GOP Congressman Doesn’t Want The Campaign Arm Backing Any Gay Candidates


A Republican congressman will not pay his dues.

Rep. Scott Garrett (R-NJ) told Rep. Jeb Hensarling (R-TX) during a closed-door House Financial Services meeting last week that he refused to pay the Republicans’ campaign arm because it has a history of recruiting and supporting openly gay candidates, according to a report in Politico.

Such an accusation reportedly made other Republicans angry, and they pointed out the National Republican Campaign Committee doesn’t get involved in primaries or have a litmus test on candidates’ sexual orientation. Rep. Patrick McHenry (R-NC), who recruited candidates for Republicans in 2014, said openly gay candidate Richard Tisei was “equally homosexual” when Garrett directly donated directly to the Tisei’s Massachusetts congressional campaign in 2012. Politico confirmed the account with multiple sources.

Garrett, elected in 2002, has been notably radical on a number of fronts, opposing both the Voting Rights Act and emergency funding for Hurricane Sandy that his state desperately needed. He also introduced a bill recently to allow businesses to deny services to LGBT people based on their religious beliefs.

The anecdote relays many tensions going on in the Republican Party. It not only reveals that Republican leadership attempting to crack down on the “hell no” members, but also shows a fissure among the GOP about just how far to take its anti-LGBT stance. Even while leadership has been trying to tamp down members like Garrett, the Liberty Caucus is increasingly calling the shots on policy decisions.

Republicans made no secret of the fact that they weren’t pleased with the recent Supreme Court decision to recognize same-sex marriage in every state.
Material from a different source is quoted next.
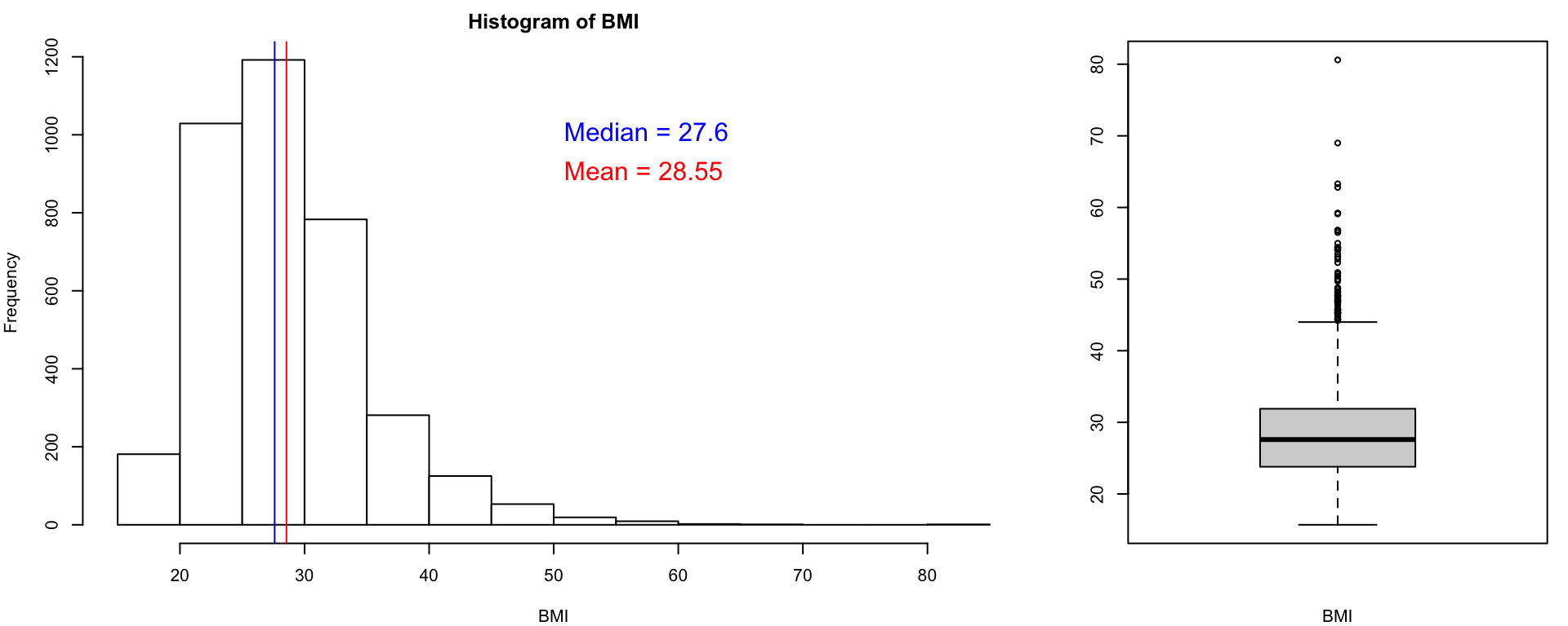 Een arts werkt in een praktijk in de wijk Woensel-west in Eindhoven, een van de zogenoemde Vogelaarwijken. Zij vermoedt dat er veel overgewicht is in haar gebied, en ze heeft daarom een steekproef genomen uit haar patiëntenbestand om dit te onderzoeken. Onderstaande histogram en boxplot geven een overzicht van deze data. Raden jullie haar aan om het gemiddelde of de mediaan te rapporteren in haar verslag? Ga goed na wat de voor- en nadelen van deze beide centrummaten zijn, en maak dan een keuze.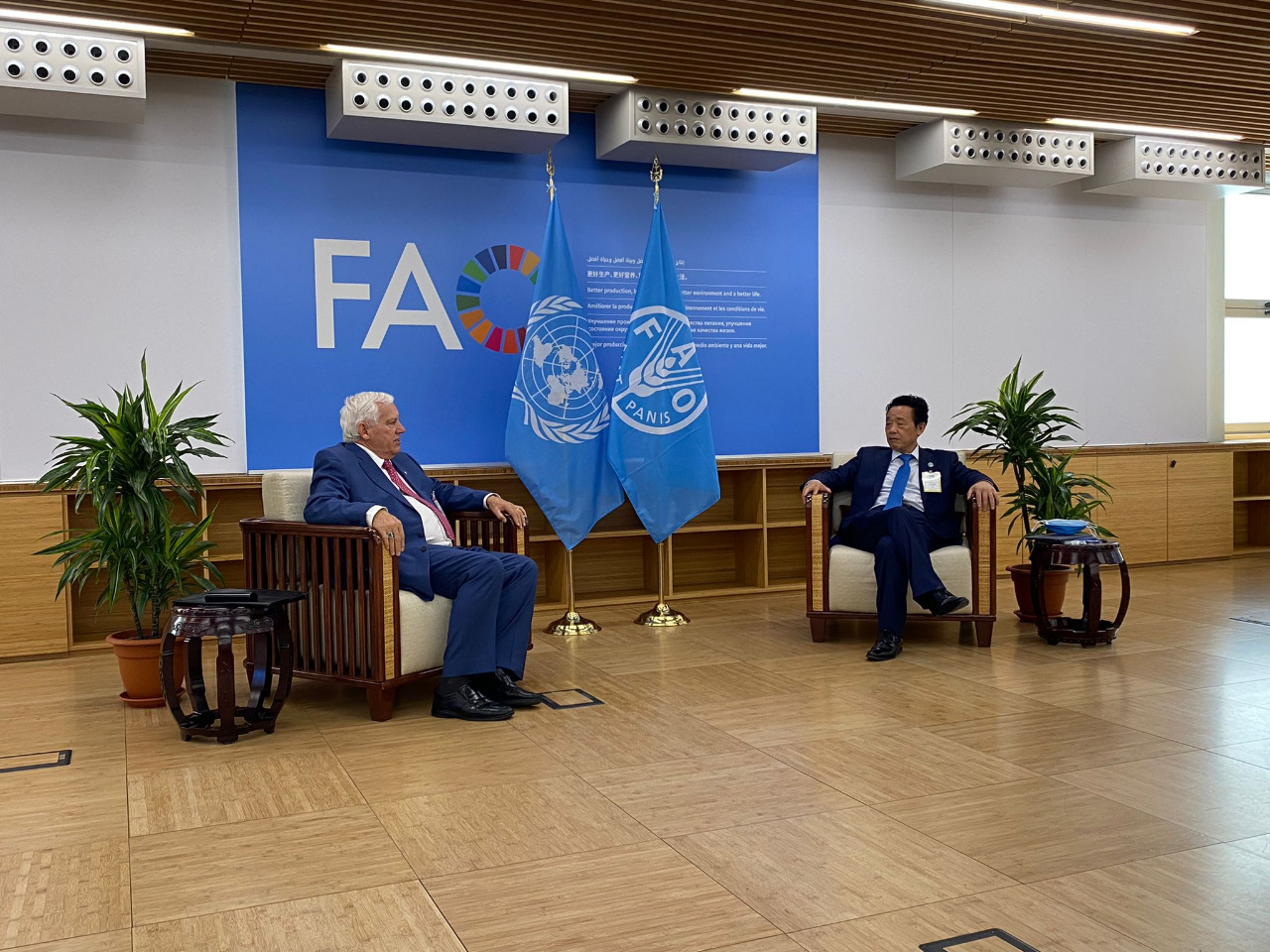 En reunión con el Director General de la #FAO, Qu Dongyu @FAODG, conversamos s/ la importancia de la agricultura en los sistemas alimentarios, así como en fortalecer la cooperación regional y global p/ superar el impacto de la pandemia en los países y las regiones. #UNFSS2021 pic.twitter.com/AXTQt96Bg4

But it’s becoming an increasingly sticky issue, with a majority of young Republicans saying they favor legal same-sex marriage.

Still, Republicans continue to propose anti-LGBT policies, like calling for a constitutional amendment defining marriage as between a man and a woman and killing an amendment to a major education bill this week designed to reduce LGBT bullying in schools.